• [Aim of the exercise]:
Taking only the lines of the data below from the line with "Amerikanischer Unabhängigkeitstag Damen" to the line with "經典案例:根據《202105", ends included, write them out exactly and without pictures.

• [Information shown]:
★ ★ ★ ★ ★
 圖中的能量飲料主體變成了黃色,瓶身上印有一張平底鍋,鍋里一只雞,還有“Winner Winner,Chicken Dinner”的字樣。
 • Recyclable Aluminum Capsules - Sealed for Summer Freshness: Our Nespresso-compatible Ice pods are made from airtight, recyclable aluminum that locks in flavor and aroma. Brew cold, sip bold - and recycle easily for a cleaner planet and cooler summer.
★ ★ ★ ★ ★
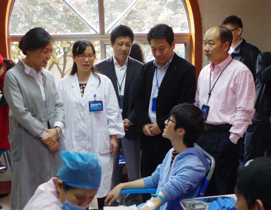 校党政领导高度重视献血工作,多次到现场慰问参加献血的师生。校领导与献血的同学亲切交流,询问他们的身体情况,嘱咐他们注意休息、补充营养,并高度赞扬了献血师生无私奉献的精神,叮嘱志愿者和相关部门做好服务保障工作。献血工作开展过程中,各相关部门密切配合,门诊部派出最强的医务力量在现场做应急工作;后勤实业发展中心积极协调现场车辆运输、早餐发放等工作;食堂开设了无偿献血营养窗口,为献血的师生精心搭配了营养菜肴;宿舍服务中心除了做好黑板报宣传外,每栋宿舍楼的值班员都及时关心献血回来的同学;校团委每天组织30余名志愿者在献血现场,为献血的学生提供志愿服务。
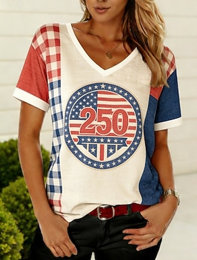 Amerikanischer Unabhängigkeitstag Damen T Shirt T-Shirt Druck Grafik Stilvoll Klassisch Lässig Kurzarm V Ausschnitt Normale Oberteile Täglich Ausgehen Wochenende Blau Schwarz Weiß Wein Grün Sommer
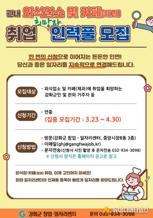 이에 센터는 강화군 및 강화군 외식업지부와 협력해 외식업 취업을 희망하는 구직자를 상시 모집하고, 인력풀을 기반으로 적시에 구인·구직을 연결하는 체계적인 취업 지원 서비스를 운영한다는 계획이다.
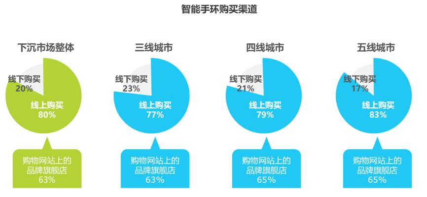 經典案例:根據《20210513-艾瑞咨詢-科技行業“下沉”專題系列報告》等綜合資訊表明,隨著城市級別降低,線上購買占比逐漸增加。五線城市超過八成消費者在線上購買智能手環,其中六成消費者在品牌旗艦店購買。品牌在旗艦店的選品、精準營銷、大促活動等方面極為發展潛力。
★ ★ ★ ★ ★
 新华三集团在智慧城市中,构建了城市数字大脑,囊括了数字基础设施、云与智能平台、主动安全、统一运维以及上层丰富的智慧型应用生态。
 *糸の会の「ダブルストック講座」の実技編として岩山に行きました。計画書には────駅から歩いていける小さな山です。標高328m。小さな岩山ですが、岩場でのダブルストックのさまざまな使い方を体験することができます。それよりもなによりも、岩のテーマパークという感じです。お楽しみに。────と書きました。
★ ★ ★ ★ ★
• [Task response]:
 Amerikanischer Unabhängigkeitstag Damen T Shirt T-Shirt Druck Grafik Stilvoll Klassisch Lässig Kurzarm V Ausschnitt Normale Oberteile Täglich Ausgehen Wochenende Blau Schwarz Weiß Wein Grün Sommer
 이에 센터는 강화군 및 강화군 외식업지부와 협력해 외식업 취업을 희망하는 구직자를 상시 모집하고, 인력풀을 기반으로 적시에 구인·구직을 연결하는 체계적인 취업 지원 서비스를 운영한다는 계획이다.
 經典案例:根據《20210513-艾瑞咨詢-科技行業“下沉”專題系列報告》等綜合資訊表明,隨著城市級別降低,線上購買占比逐漸增加。五線城市超過八成消費者在線上購買智能手環,其中六成消費者在品牌旗艦店購買。品牌在旗艦店的選品、精準營銷、大促活動等方面極為發展潛力。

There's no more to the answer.